Every two minutes, we shed enough skin cells to
cover nearly an entire football field. With a single sneeze, we can spew 3,000
cell-containing droplets into the world. And, on average, we leave behind between
40 and 100 hairs per day. As long as we
live in the world and leave our homes each day, we can’t avoid leaving a trail
of our DNA in our wake.
Every strand of DNA holds a treasure trove of deeply personal information, from our propensity for
medical conditions to our ancestry to our biological family relationships. And
increasingly, police are accessing and testing the DNA contained in our unavoidably
shed genetic material without judicial oversight. That’s why we’re asking
a court
to require police to get a warrant before
collecting the DNA we unavoidably leave behind.

Warrantless
access to unavoidably shed DNA is just one part of a troubling trend in police
investigations involving DNA. Already, in more than 60 criminal cases across
the country over the last two years, police have uploaded DNA evidence found at a crime scene to enormous
consumer genetic databases — such as GEDmatch and FamilyTreeDNA — in order to search
for family members of a possible suspect. The databases often return likely relatives
as distant as the suspect’s third cousins. Using this list of likely relatives,
police start building out massive family trees based on marriage certificates,
death records, and more.

Police then
pare the tree down, usually by age and location, in order to identify a likely
suspect (or several). Finally, police follow the suspects around until those
individuals discard items containing their DNA — anything from a Baskin-Robbins spoon to a napkin to a colostomy bag adhesive patch. Without getting a warrant from a
judge, police extract and test the DNA on those items, and use the resulting
genetic profile to determine whether that suspect’s DNA matches the original crime
scene evidence.

This
practice raises profound civil liberties and privacy concerns. Law enforcement
is searching through databases of thousands upon thousands of people’s highly revealing
DNA profiles, and then surreptitiously collecting and testing people’s DNA
without the protections and constraints of a warrant.

In a
friend-of-the-court brief we filed this week together with the ACLU of South
Dakota and the Electronic Frontier Foundation, we argue that law enforcement
must first get a warrant before extracting and analyzing unavoidably shed DNA. The
genetic blueprint we inadvertently leave behind as we discard coffee cups, toss
crumpled tissues, spit out gum, or even lose hair is entitled to the full
protection of the Fourth Amendment.

In the case at hand, State v. Bentaas, a South Dakota state
criminal case, South
Dakota police sent a DNA sample to Parabon Labs, which created a genetic
profile and then ran it against GEDMatch’s database of over one million genetic
profiles. The lab uncovered a few family names in South Dakota’s Sioux Falls
and Hutchinson County areas and identified possible third cousins. Using this
information, South Dakota detectives embarked on their own research to build
out a family tree. Eventually, based on these findings, investigators
identified the defendant, Ms. Bentaas, as a possible suspect.

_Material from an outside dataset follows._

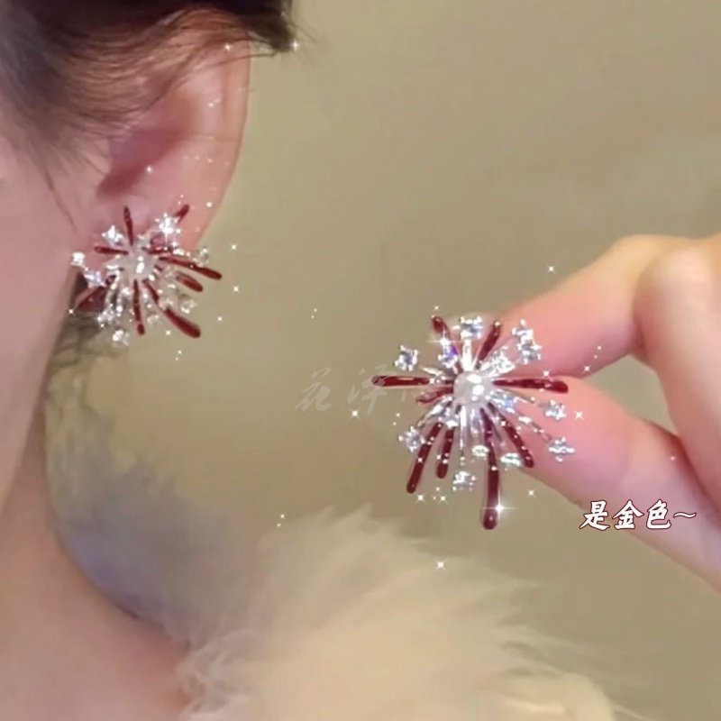 新年烟花耳钉耳夹精致小巧红色设计气质百搭轻奢耳饰女蝴蝶锆石

Without first obtaining a warrant, investigators went to Ms. Bentaas’s residence and took garbage left outside for the trash collector. From the trash bag, police retrieved cigarette butts, cotton swabs, Kleenex with hair, earplugs, water bottles, glass bottles, beer cans, and dental floss. The government then extracted and analyzed the DNA found on these items. Based on the results, investigators arrested Ms. Bentaas.

To defend
its warrantless search and seizure, the state is asserting that people do not
have a reasonable expectation of privacy in their trash, and, therefore, people
also do not have a privacy interest in the DNA they leave on discarded items.
The government’s argument relies on a decades-old, flawed precedent holding that
when we leave our garbage on the curb to be collected, we relinquish our Fourth
Amendment privacy rights in the items contained in our opaque trash bags.

Whatever
the merits of that rule as applied to physical items in the trash, it should
not be stretched to permit warrantless searches of DNA. As the Supreme Court
recently made clear in Carpenter
v. United States
, a case argued by the ACLU, old
rules permitting warrantless searches cannot be automatically extended to new
police capabilities made possible by modern technologies. The scope and types
of information that might be discovered through a search of one’s physical
trash pale in comparison to the deeply sensitive and highly personal
information our genetic blueprints can reveal. And though people might
sometimes be able to avoid discarding certain physical items, they cannot avoid
shedding DNA on virtually every surface and object they touch. Our DNA requires
greater protections under the Fourth Amendment.

The
implications of the government’s argument are chilling. If police are allowed
to surreptitiously extract and sequence our DNA without a warrant anytime they wish,
there is little stopping them from grabbing every person’s trash, secretly
extracting our DNA from it, and building a massive database containing our most
sensitive genetic information. Already, local law enforcement officers have
tried to track anti-pipeline protesters by swabbing cigarette butts left behind at protest
sites. 

As our
ability to decode DNA improves, the scope of sensitive, private information
that is discernable will only increase. As it does, so will the need for strong
Fourth Amendment protections to keep this information safe from warrantless
searches and unconstitutional intrusion.